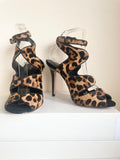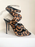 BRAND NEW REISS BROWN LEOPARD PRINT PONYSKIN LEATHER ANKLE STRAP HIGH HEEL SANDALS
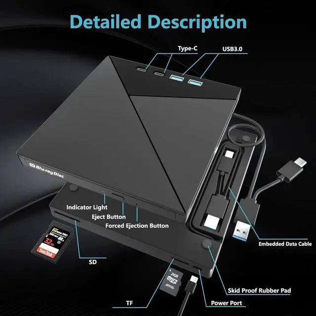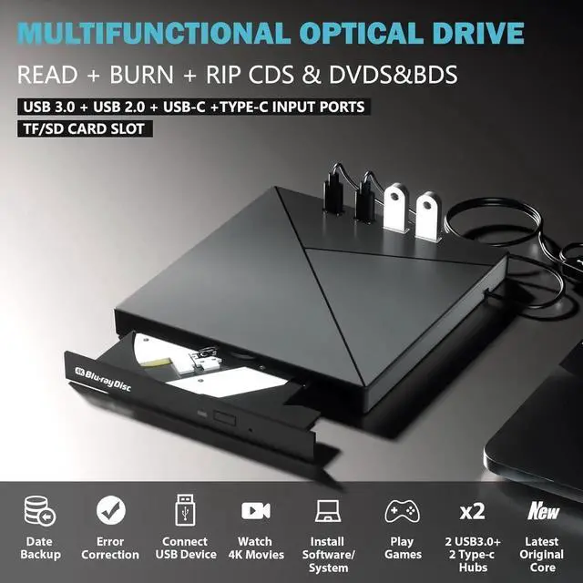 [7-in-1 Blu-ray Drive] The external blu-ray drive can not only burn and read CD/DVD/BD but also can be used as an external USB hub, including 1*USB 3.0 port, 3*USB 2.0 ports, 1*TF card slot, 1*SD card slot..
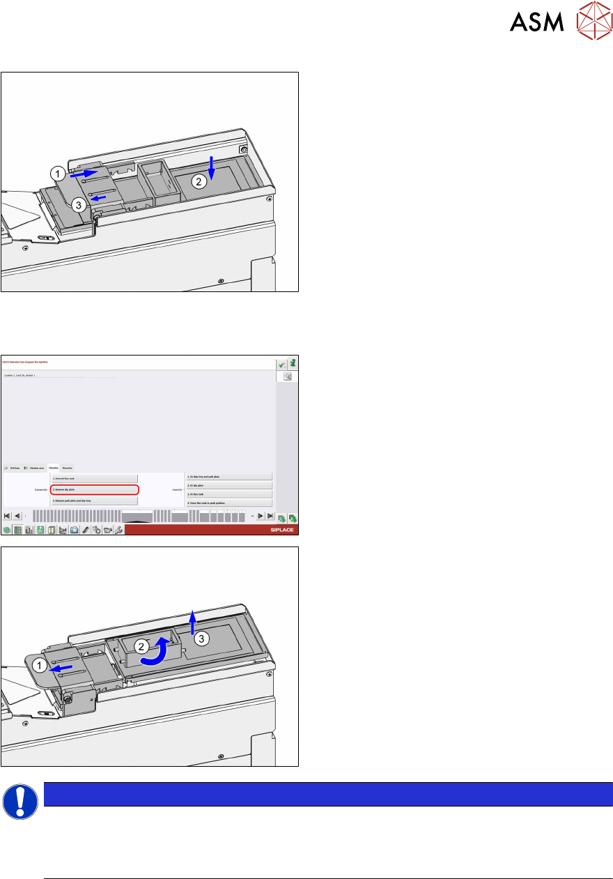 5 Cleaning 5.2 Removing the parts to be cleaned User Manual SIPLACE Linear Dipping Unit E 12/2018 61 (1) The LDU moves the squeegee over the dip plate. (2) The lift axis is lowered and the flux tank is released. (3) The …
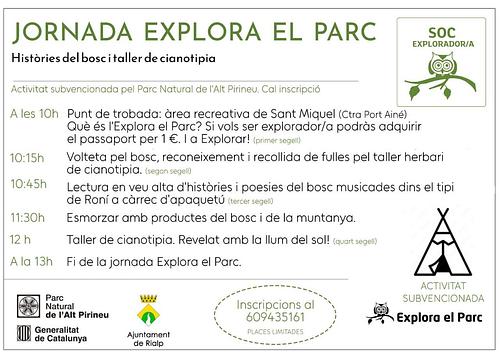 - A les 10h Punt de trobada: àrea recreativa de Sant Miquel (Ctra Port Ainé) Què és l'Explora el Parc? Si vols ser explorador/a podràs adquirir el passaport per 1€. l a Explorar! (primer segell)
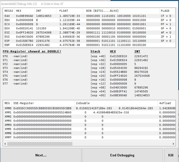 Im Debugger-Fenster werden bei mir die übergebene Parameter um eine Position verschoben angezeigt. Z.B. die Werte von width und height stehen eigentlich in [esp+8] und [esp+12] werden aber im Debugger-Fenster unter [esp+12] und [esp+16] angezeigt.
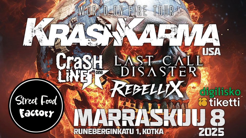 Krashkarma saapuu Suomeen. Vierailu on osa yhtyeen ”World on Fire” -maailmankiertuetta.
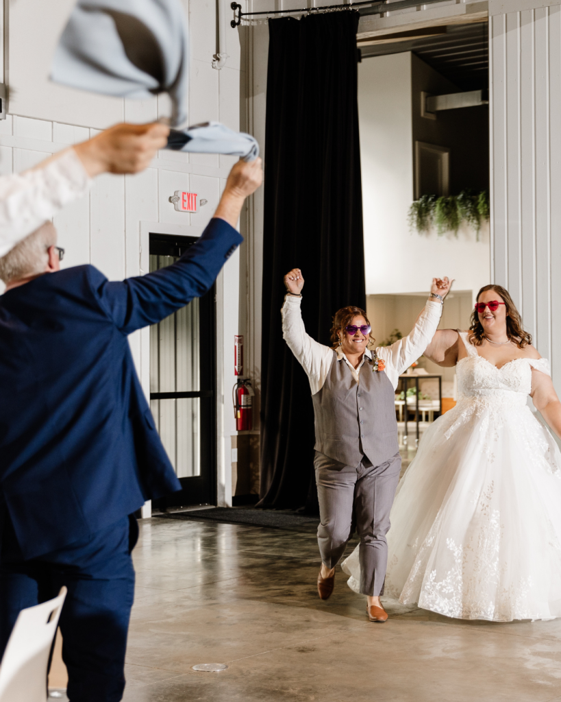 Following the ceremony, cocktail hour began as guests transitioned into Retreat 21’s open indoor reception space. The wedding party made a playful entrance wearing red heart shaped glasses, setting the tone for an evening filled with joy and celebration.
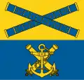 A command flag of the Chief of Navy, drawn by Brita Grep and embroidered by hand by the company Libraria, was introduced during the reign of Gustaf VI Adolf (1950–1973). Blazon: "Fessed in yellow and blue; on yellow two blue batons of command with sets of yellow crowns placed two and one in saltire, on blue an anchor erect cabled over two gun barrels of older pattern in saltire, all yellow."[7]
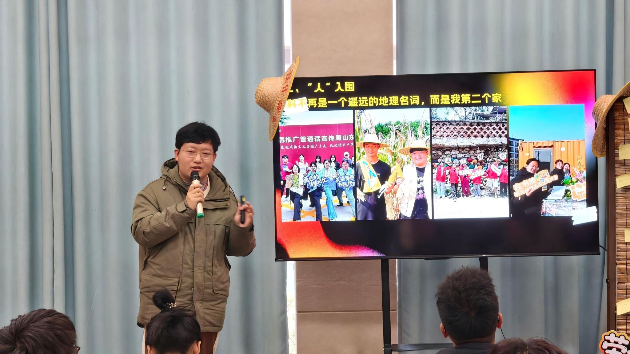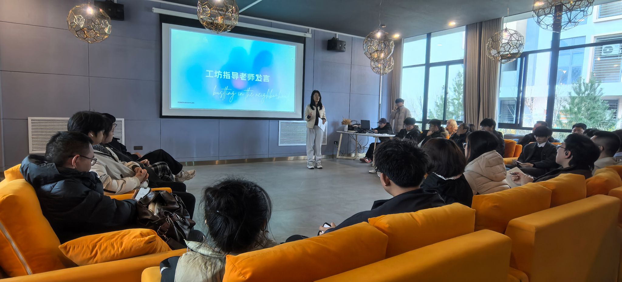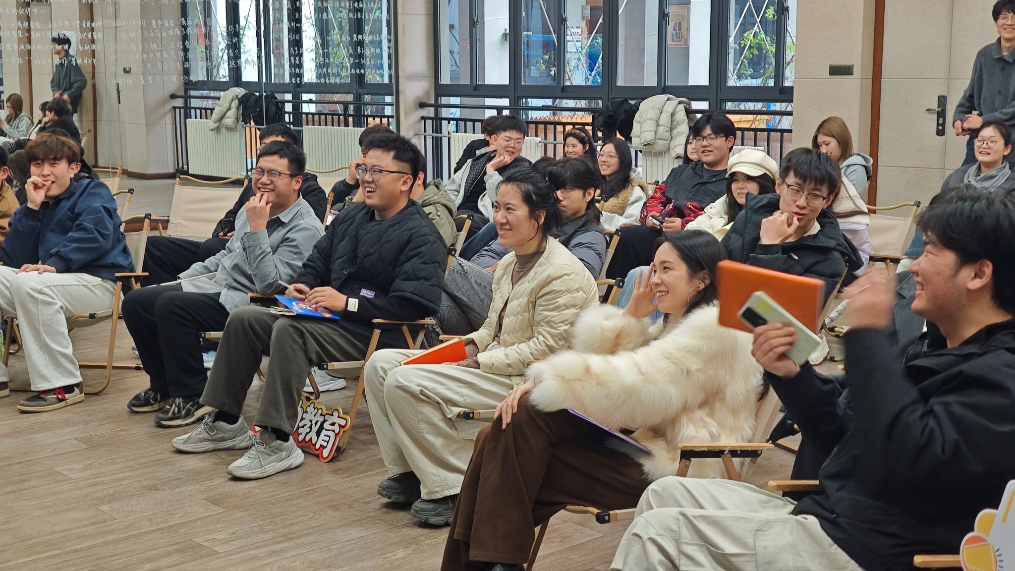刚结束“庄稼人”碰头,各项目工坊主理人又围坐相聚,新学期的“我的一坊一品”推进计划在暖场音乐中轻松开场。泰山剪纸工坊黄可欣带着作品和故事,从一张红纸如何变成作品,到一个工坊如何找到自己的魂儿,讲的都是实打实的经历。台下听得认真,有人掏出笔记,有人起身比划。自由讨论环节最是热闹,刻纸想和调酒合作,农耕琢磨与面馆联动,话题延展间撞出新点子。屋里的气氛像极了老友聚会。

────────────────

WHAT TO WORK ON: An exact copy is needed of the entries above, starting at the line that holds "Im Debugger-Fenster werden" and stopping at the line that holds "Following the ceremony, cocktail", both kept; pictures stay out.

TASK RESPONSE:
 Im Debugger-Fenster werden bei mir die übergebene Parameter um eine Position verschoben angezeigt. Z.B. die Werte von width und height stehen eigentlich in [esp+8] und [esp+12] werden aber im Debugger-Fenster unter [esp+12] und [esp+16] angezeigt.
 Krashkarma saapuu Suomeen. Vierailu on osa yhtyeen ”World on Fire” -maailmankiertuetta.
 Following the ceremony, cocktail hour began as guests transitioned into Retreat 21’s open indoor reception space. The wedding party made a playful entrance wearing red heart shaped glasses, setting the tone for an evening filled with joy and celebration.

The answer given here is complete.